En Europe, l’état « libéral » ressemble de plus en plus à un état policier, où les libertés s’érodent lentement mais sûrement, sacrifiées sur l’autel de la lutte contre le « terrorisme ». En même temps, il ne rencontre que très peu ou pas du tout de résistance organisée de la part d’une gauche qui n’en finit pas de descendre la pente savonneuse des mascarades démocratiques, tout en craignant la répression et la diabolisation de la part de ses adversaires. Il y a gros à parier que l’extrême droite, avec sa rhétorique populiste et dogmatique, sera, de tout ceci, le principal bénéficiaire, tandis que la gauche continuera de languir à la périphérie des enjeux publics.
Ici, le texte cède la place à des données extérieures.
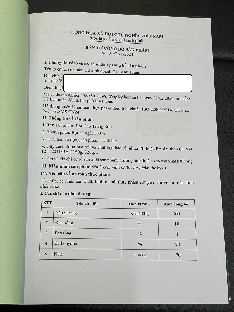 Kết quả xét nghiệm Bột Cao Trung Sơn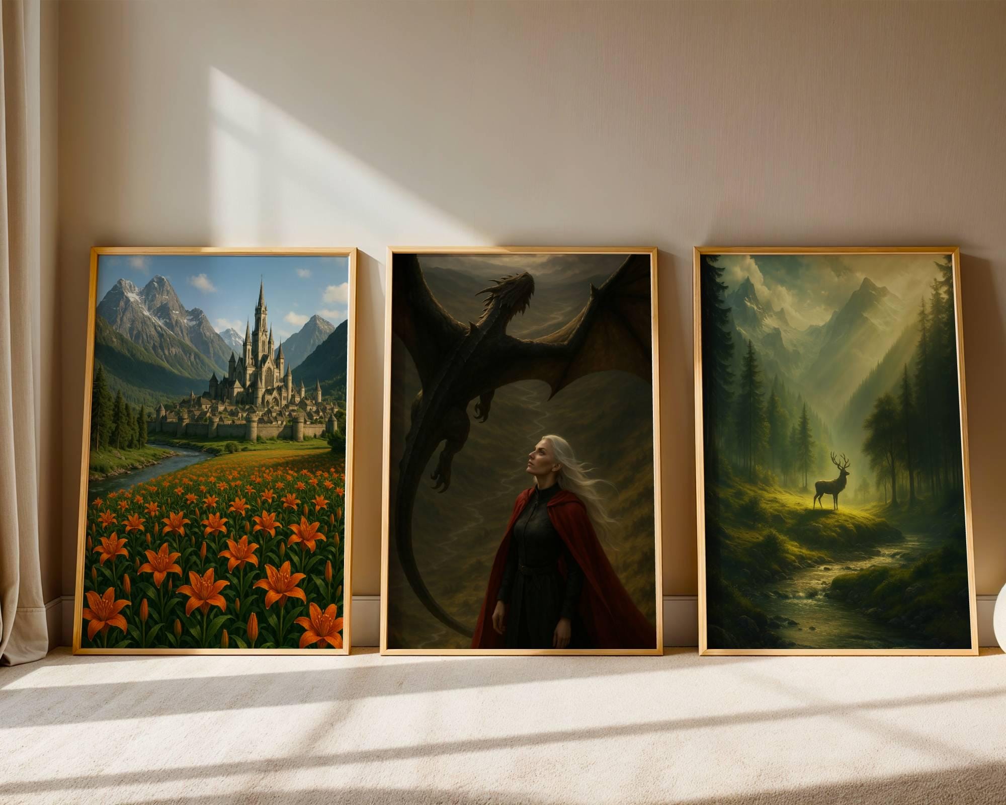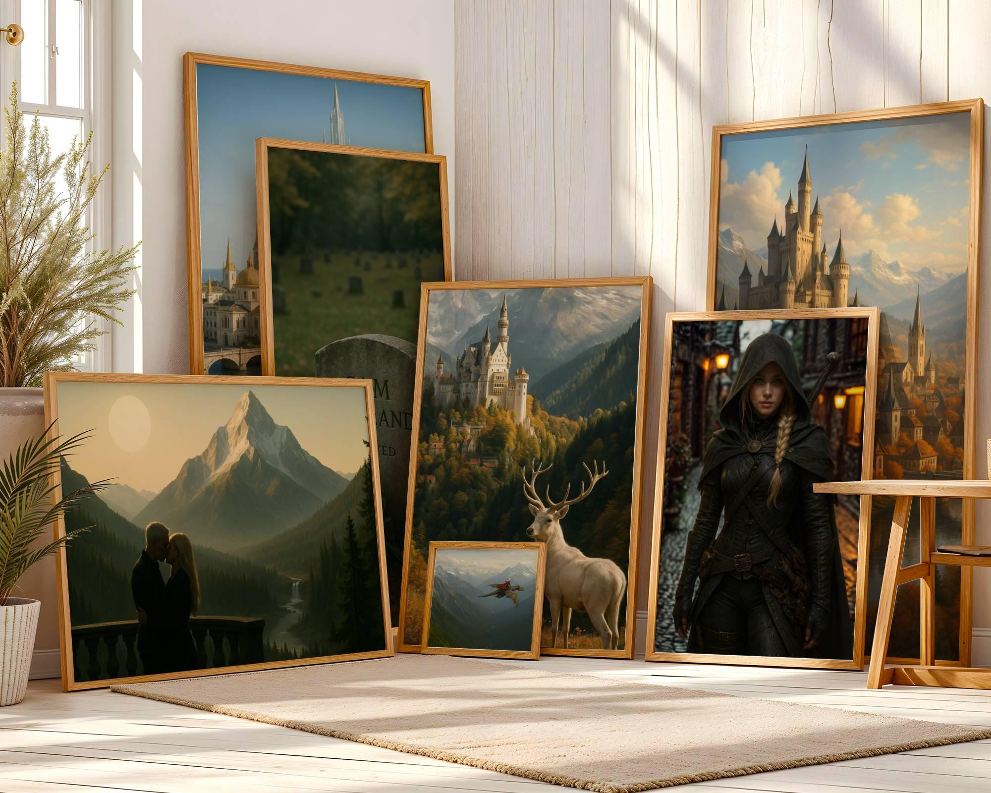 Transform your space into an enchanting high fantasy kingdom with this stunning High-Fantasy Kingdom and Heroine Aesthetic Pack. Perfect for book lovers, fantasy enthusiasts, and anyone who dreams of epic adventures, this digital download features 22 beautifully crafted wall art images. Whether you're a fan of dragons, strong heroines, or magical castles, these visuals will elevate your library decor, bedroom, or creative space with a touch of mystical allure.

La gauche a la fonction historique d’être révolutionnaire, claire, objective, critique et internationaliste. D’une façon ou d’une autre, la gauche européenne a abandonné ces valeurs en faveur d’improbables ONG et du jeu truqué et cooptatif d’un processus dit « démocratique », et elle l’a fait tant au niveau des états que de celui de l’Union Européenne. Au lieu de proposer une alternative révolutionnaire, elle s’aligne sur les choix de ceux qu’elle devrait combattre, elle joue selon les règles de leur jeu et n’a pas su, non plus, se débarrasser de son complexe de supériorité raciale à l’égard du Sud. Il serait temps que la gauche européenne se décide à affronter les réalités et la débâcle systémique en fonction d’un programme et d’une analyse révolutionnaire, qu’elle fasse sans tarder retour à un contexte clair et strictement défini. Faute de quoi il ne lui restera pas grand chose en guise d’horizon, avec la très grande possibilité qu’une extrême-droite populo-fasciste remplisse l’espace ainsi laissé vide par une opposition victime d’une sorte de mutation génétique, une opposition qui s’est muée en version soft d’un système brutal ou en souvenir timide d’un passé lointain, transformé en songe creux par l’impératrice Hégémonie.

Hisham Bustani

Le Dr. Hisham Bustani est un écrivain et un militant résidant à Amman. Il est un des membres fondateurs de l’Alliance des Peuples Arabes Résistants, et un membre de son Comité de Coordination. Il est membre également du Comité Exécutif du Forum de la Pensée Socialiste de Jordanie.

L’article a originellement paru en italien dans la revue progressiste Senza Censura (Italie), N°28, Mars-Juin 2009, pages 4-6.